Friday, November 4, 2011

How to Keep Engineering Students in Your Engineering Department

I just finished reading this article about why STEM* students change majors. It's a good, albeit kind of long, read, but one that I found really interesting. I was shocked to see some of the statistics on students that drop out or leave the Engineering field while they're in school (I'm going to focus on engineering because that's what I'm studying and thus, is what I have the most experience in).

Perhaps I'm just geared in a way that works well with the curriculum I've been in. Or maybe my school is just different. But either way, it seems to me that my university (Oklahoma Christian University, or OC for short) has a very effective program when it comes to keeping students. I began with 40 students in my Mechanical Engineering Seminar class and ended my Sr level design class with 20 students. Maybe a 50% retention rate sounds poor, but the national average is only a 60% retention. Also, do keep in mind that OC is a private college, so students have to spend about $400/credit, and finances drive a lot of students to other universities. I also don't have a way of knowing if students that didn't make it through OC's engineering program left because they wanted another major or because they just couldn't afford to continue attending. Finally, this is just the retention rate for Mechanical Engineers based on how many people were in my first and final classes. I also don't have access to a list of students that changed to any other type of engineering offered on my campus. So 50% is actually pretty awesome.

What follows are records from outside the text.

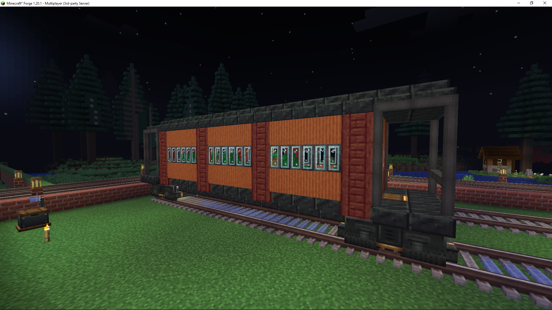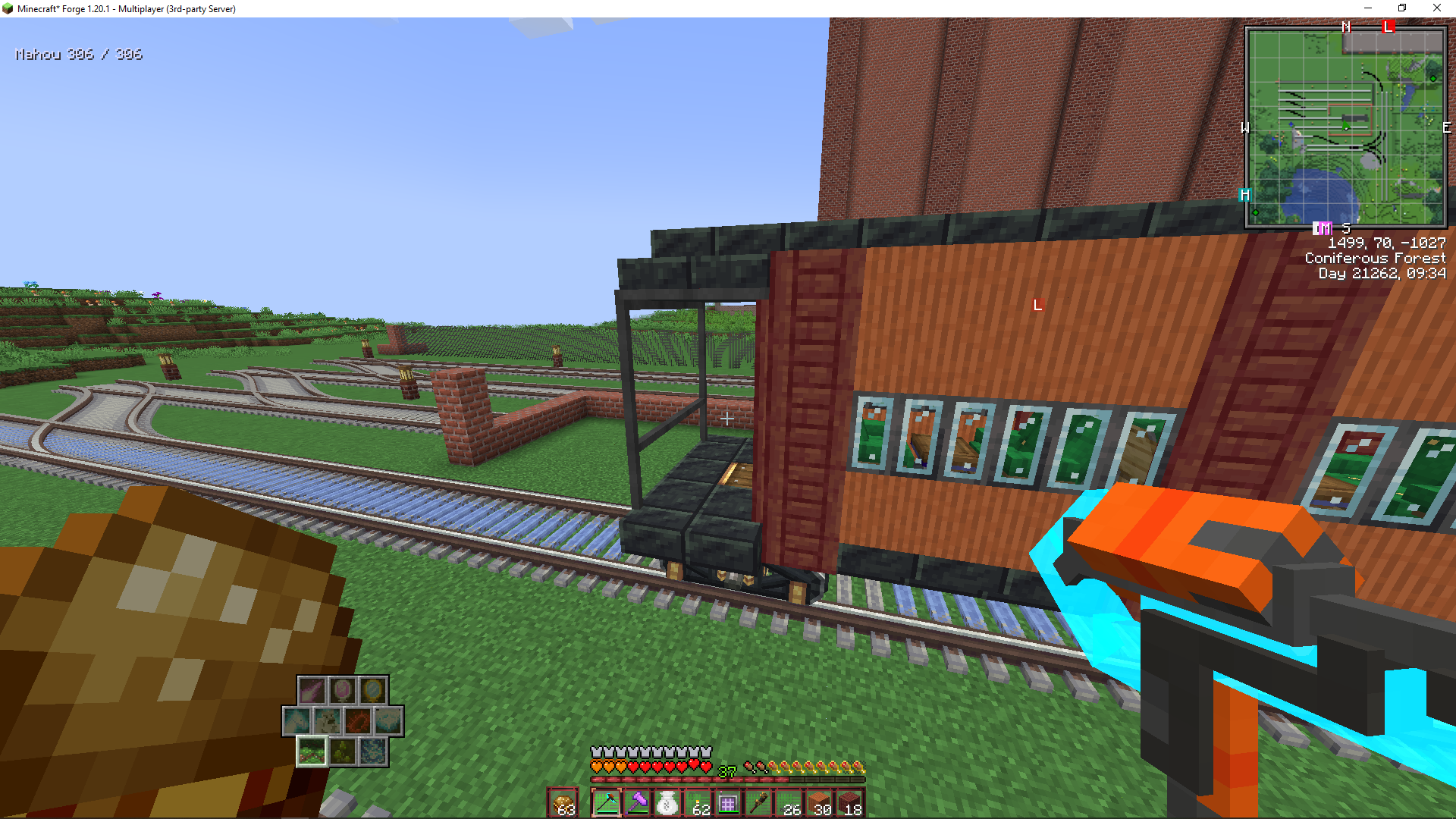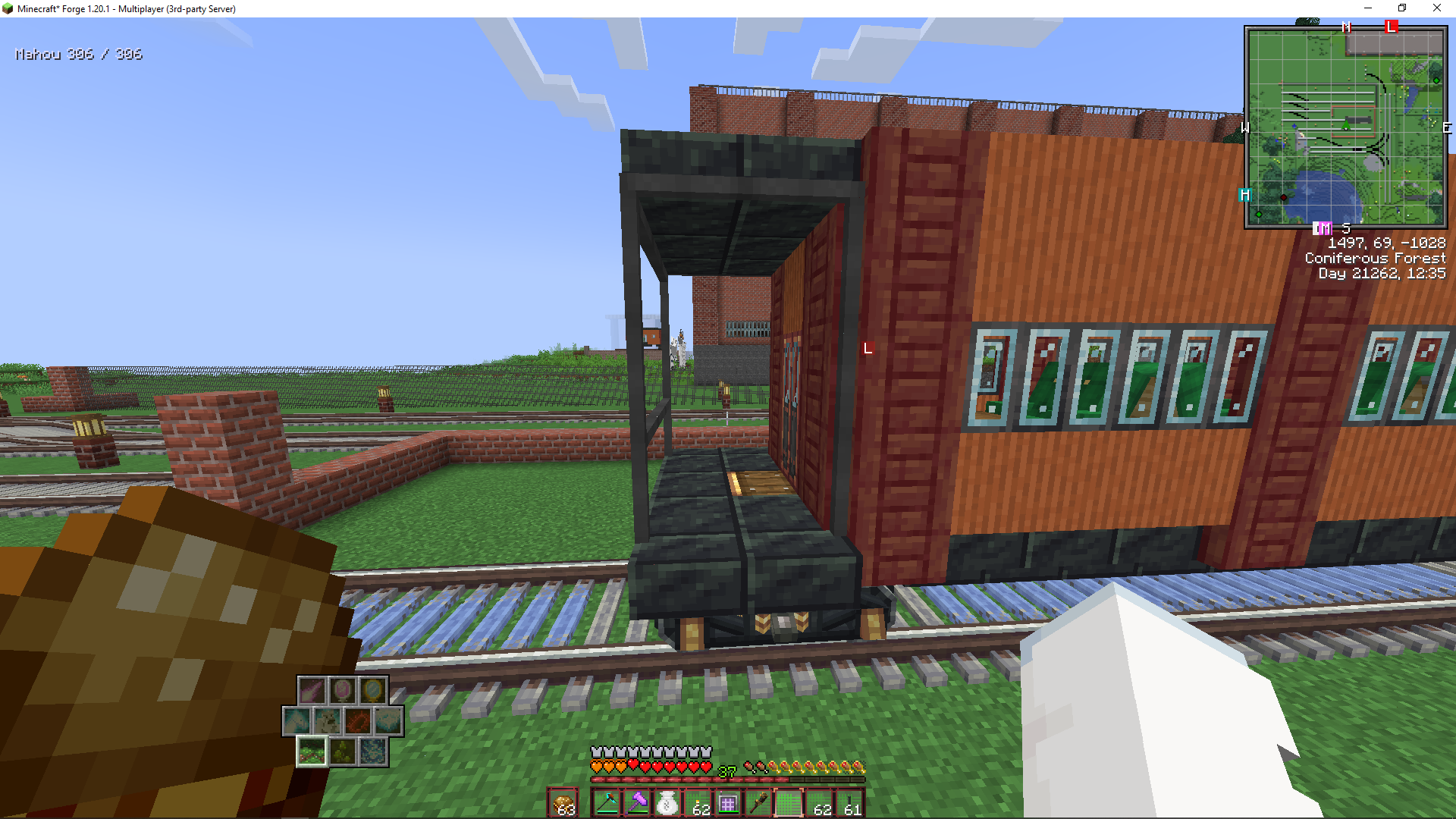 not sure if I like this with or without the railing on the outside. I intended for this to be a switcher locomotive but atp it's just. generic locomotive. I don't want to scrap it since it's nice but the railing blocks act weird when you disassemble it (they have the same block state as when they were assembled and can rotate which is real annoyinh
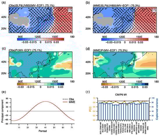 First annual cycle mode (M1) of EA precipitation from MV-EOF1 in (a,c) OBS and (b,d) MME. (a,b) show the spatial structures for the SLP and 850-hPa horizontal wind anomalies and (c,d) for precipitation anomalies. The explained variance of M1 is 75.1% in observation and 75.3% in MME simulation. (e) Principal component (PC) time series of MV-EOF1. The horizontal axis ranges from Julian pentad 1 to 73. The black trigonometric function curve indicates the observation, and the red one indicates the MME mean. The amplitude and phase of the PC1 series are adopted as the amplitude () and phase () of M1. (f) Explained variances (blue bar) of MV-EOF1 in individual models and the MME mean. The MV-EOF is applied on the MME and individual models, respectively. The orange curve indicates the multivariate pattern correlation coefficients between the MV-EOF1 spatial pattern in OBS (a,c) and models (such as (b,d) for MME). The black dashed line indicates the MME PCC.
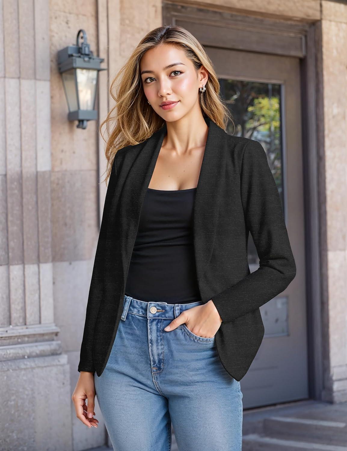 Hybrid & Company Lightweight Open Front Cardigan Classic Ruched Sleeve Work Office Blazer Suit Jackets(Charcoal-9789)
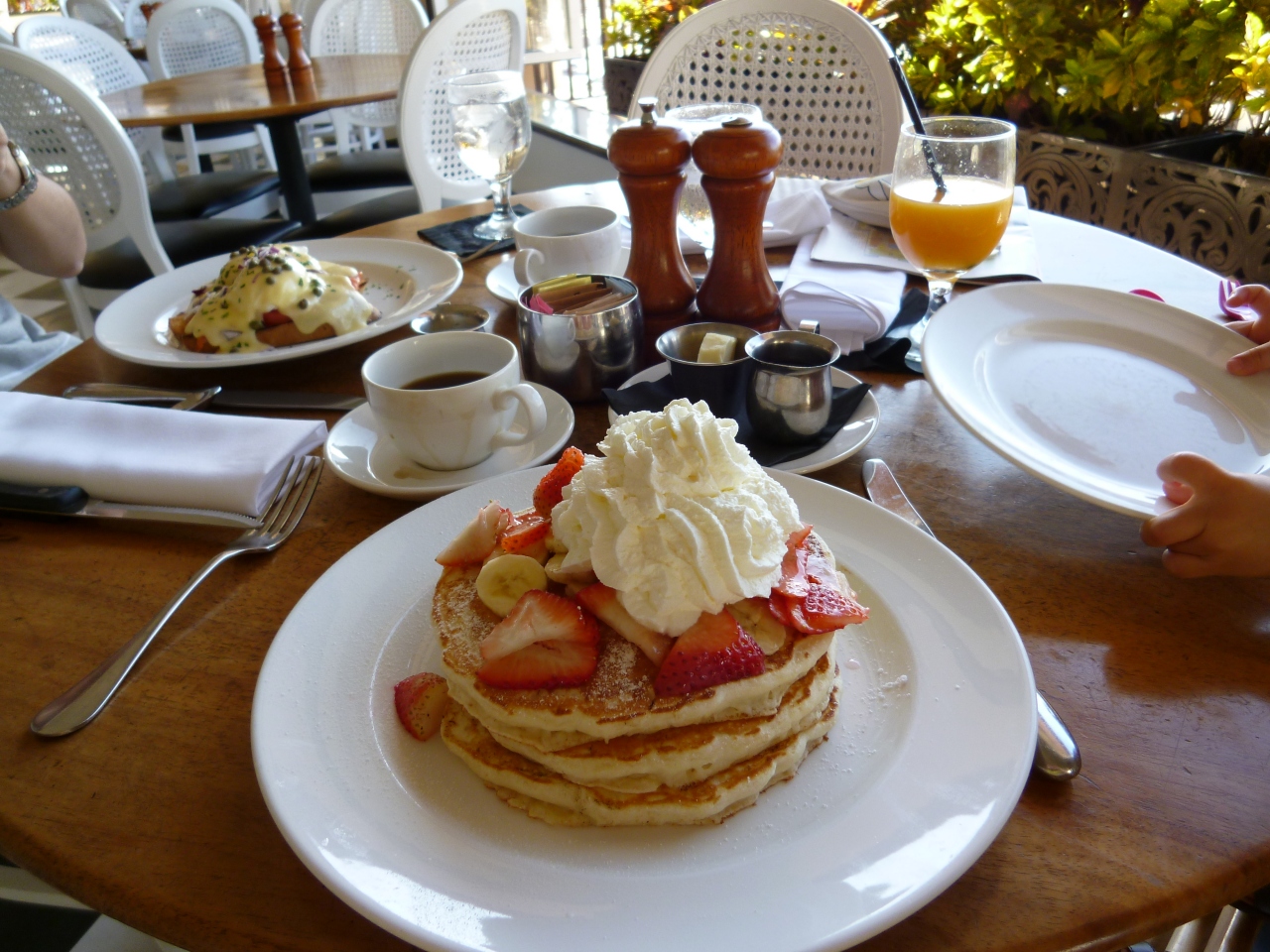 ハワイに来たらパンケーキを食べようと思っていて、人気店すぎて並ぶのも、日本人ばかりなのも嫌だし、でもフルーツたっぷりの綺麗で美味しいものがいいし、スケジュールもあるし・・・と、いろいろ考えた結果、アラモアナSCでのショッピングタイムの前にのんびり食事をしようと、ここになりました。アラモアナSCのオープン前から空いているので時間の有効活用できます。

I began to wonder what OC does differently. The NY Times article mentioned that a lot of students burn out because they get bogged down in math and theory and didn't get very many hands-on projects to keep them interested. This is what really piqued my interest. At OC, the engineers have several lab-based classes sprinkled throughout the curriculum. For example, my first semester, I had a class called Engineering Computing. This class introduced all of the freshmen to a programming software called MATLAB. We would do a few exercises in MATLAB that involved displaying graphs, which was great because it was a quick and easy way to make sure we had things right and that we were understanding what was going on. After we got the hang of MATLAB, we used K'nex to design and build little golf ball putters. By the end of the semester, we were going to use MATLAB to predict how high to lift the putter to hit a golf ball into a "hole" on the carpet. It was tons of fun.

The next semester (Spring of my Freshman year) I had another class called Engineering Fundamentals. We built a basic robot and used a BASIC Stamp chip to program to help it navigate a maze to find a light bulb. It was a simple robot with two motors to rotate wheels independently and was equipped with photoresistors on the front to detect which direction the light bulb was in, and bumpers to detect walls. That was all. But we had a lot of fun testing them and making them work well. One student even built a circuit on his robot to play the Star Wars theme song when his robot found the light bulb. The professors were encouraging and came around to offer help and to check in to make sure we weren't just too scared to ask for it.

While I didn't have any engineering labs my 3rd semester, I did have them in my 4th, and 5th semesters. Then when I started my final three semesters I was working on my capstone design classes, which may as well have been a lab. So basically, I never got "bogged down in theory" because I had at least one lab that would let me be hands on.

What I think most universities need to do, assuming they want students to stick around in the engineering realm (and have them paying tuition, etc.) would be to incorporate labs into more classes. Do you have a lecture on manufacturing processes and materials? Why not add a lab that involves working in a machine shop? If you have a lecture on controlling dynamic systems, why not have a lab that lets the students try to do that? I had one project in a lab that involved maintaining the temperature inside of a cardboard box, within a certain tolerance, using a light bulb and a fan to heat and cool, respectively. It wasn't something that was excessively difficult, and it was something that helped the whole Dynamic Systems class make a lot more sense. Lab classes are a critical part of a STEM education. Not because they let students practice handling real-world issues, although that is a good thing, but because the sense of accomplishment and, for me, sheer giddiness at times, from being able to make a self-navigating robot that can go around and backs up when it bumps into something while you just sit on the couch while checking in on your Facebook.

So if you want to keep engineers in their majors. Make them take labs, and be sure the professors are obvious about being invested in the success of the students.

And don't grade on a curve. Curves aren't merit-based, and you can lose a lot of brilliant people by making them fail out even though they had an 80% on an exam.